March 10, 2023

Managing complexity in team coaching

When you are coaching a team and there are several topics that need to be covered, the team needs to decide in which order and how they would like to tackle the topics. This is one of the few points where a team coach might enter into thinking about the content of the session and their interdependencies. Sometimes there is a natural sequence of topics. Take the example of the old “Nasa Game” exercise where teams are asked to rank items of supply according to their usefulness after a plane crash in the desert. If the team decides to stay where they are and not move (the right decision, just so that you know if you are ever in this situation), material for building shelter would rank much higher, for example, than if they decide to march through the desert (not advised). In team coaching this could be that the team needs to decide on roles and responsibilities first before starting to work on topics or that they need to decide on a strategy before they can move into more tactical issues.

This also influences what can be dealt with in plenary and what can be delegated to small groups. It is best to ask the team about the interdependencies of the issues (as you cannot know this well as a team coach) and to find a good sequence together. This may also be done in preparation for the team coaching together with a small project group of the team.

When you have decided which topics need to be discussed first and by all, you can then move into working with smaller groups or breakout rooms. Here are two ways in which you can help these working groups be successful:

Create a briefing for the small groups

If you ask the plenary to create a short briefing for the small groups, you increase the likelihood of acceptance for the results of the small group work. Take a flipchart or digital whiteboard and ask the plenary: “What is important for this small group to take into account?”. Take 5 minutes for the creation of the brief for each small group.
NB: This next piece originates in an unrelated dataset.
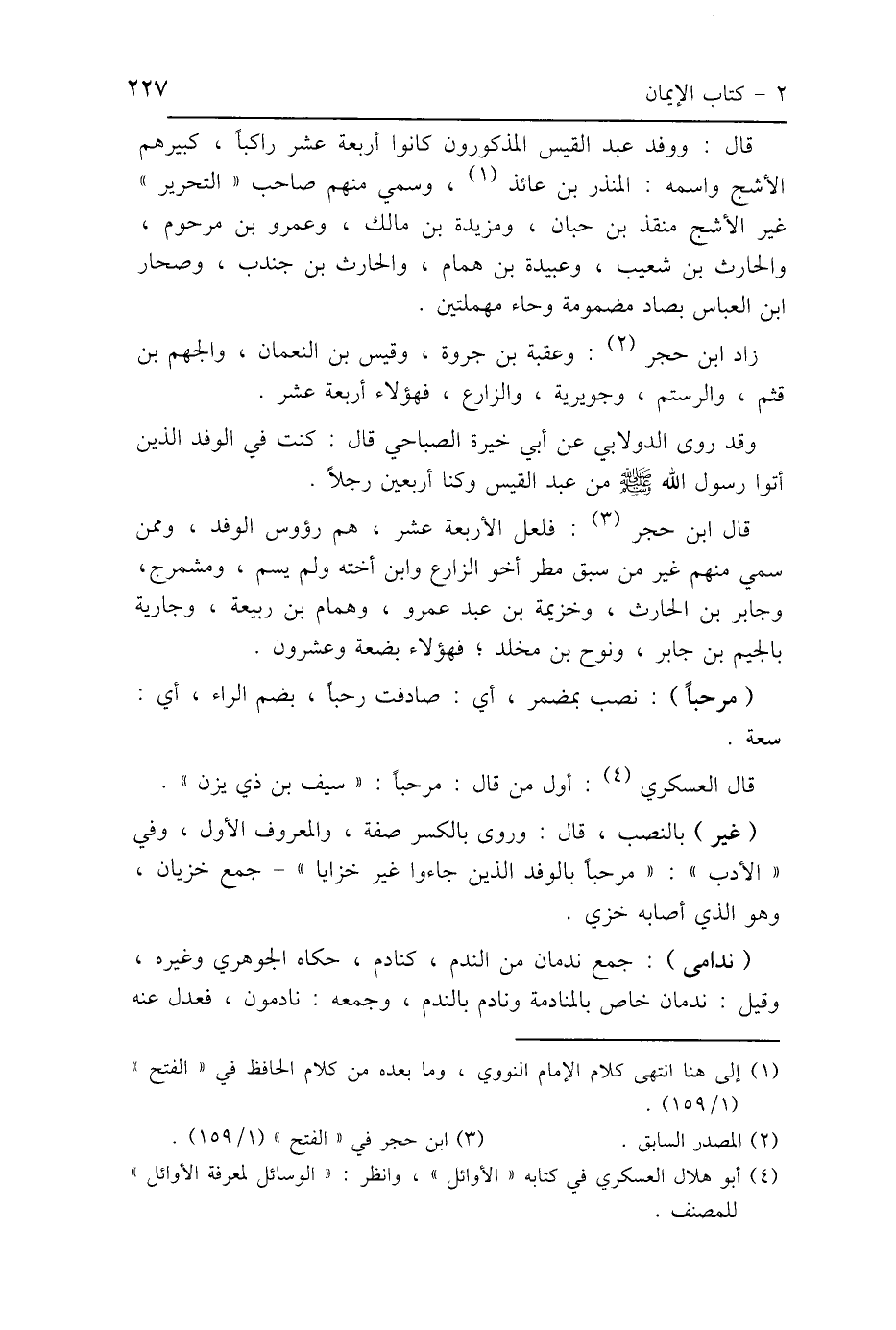 قال: ووفد عبد القيس المذكورون كانوا أربعة عشر راكبًا، كبيرهم الأشج واسمه: المنذر بن عائذ، وسمي منهم صاحب "التحرير" غير الأشج منقذ بن حبان، ومزيدة بن مالك، وعمرو بن مرحوم، والحارث بن شعيب، وعبيدة بن همام، والحارث بن جندب، وصحار بن العباس بصاد مضمومة وحاء مهملتين.

If there is no time, you an also put the flipcharts in different spaces in the room or in different corners of the digital whiteboard so that everyone who wants to contribute to a small group topic but cannot join can give their input.

Offer a structure and/or brief facilitators

To make the discussions as fruitful as possible, ask for volunteers from the team before the team coaching session and do a mini-facilitation training with them. Teach them the Solution Focused structure of: “Ticket Office, Preferred Future, Successful Past and Gift Shop” so they can guide the discussions away from blamestorming and keep them constructive.
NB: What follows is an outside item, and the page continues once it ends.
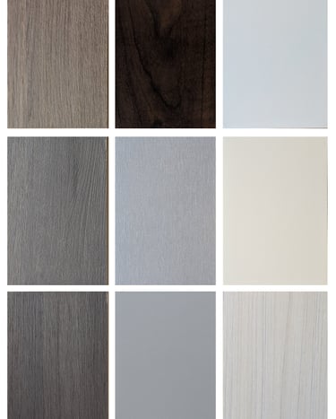 The most popular and economically priced color is white. It is also the brightest and lightest color, white is often the choice for many closets, especially in darker spaces. From the top left to right: Fashionista, Chocolate, Cloud (light gray), Ash, Aluminum, Victorian (cream), First Class, Slate and Arctic.

You might also offer the small groups a “facilitation guide” by way of a structured flipchart or a prepared digital whiteboard with Solution Focused Questions:

Ticket office

What would you like to achieve in today’s breakout sessions?

Check: is this goal in your influence, feasible, positively described (presence of something not absence of something)

Preferred future

If we achieve this, what difference would it make to the respective stakeholders?

Draw a mindmap with the stakeholders and what they might notice?

Successful past

On a scale of 0-10 where 10 means that you have already achieved your goal, where are you now?

What is already going in the right direction?

Gift shop

How would you and the stakeholders notice a step up on the scale?

What will you propose as solutions to the plenary?

When they report to the plenary, ask the plenary for comments and invite them to agree on experiments (rather than feeling that “this will be forever).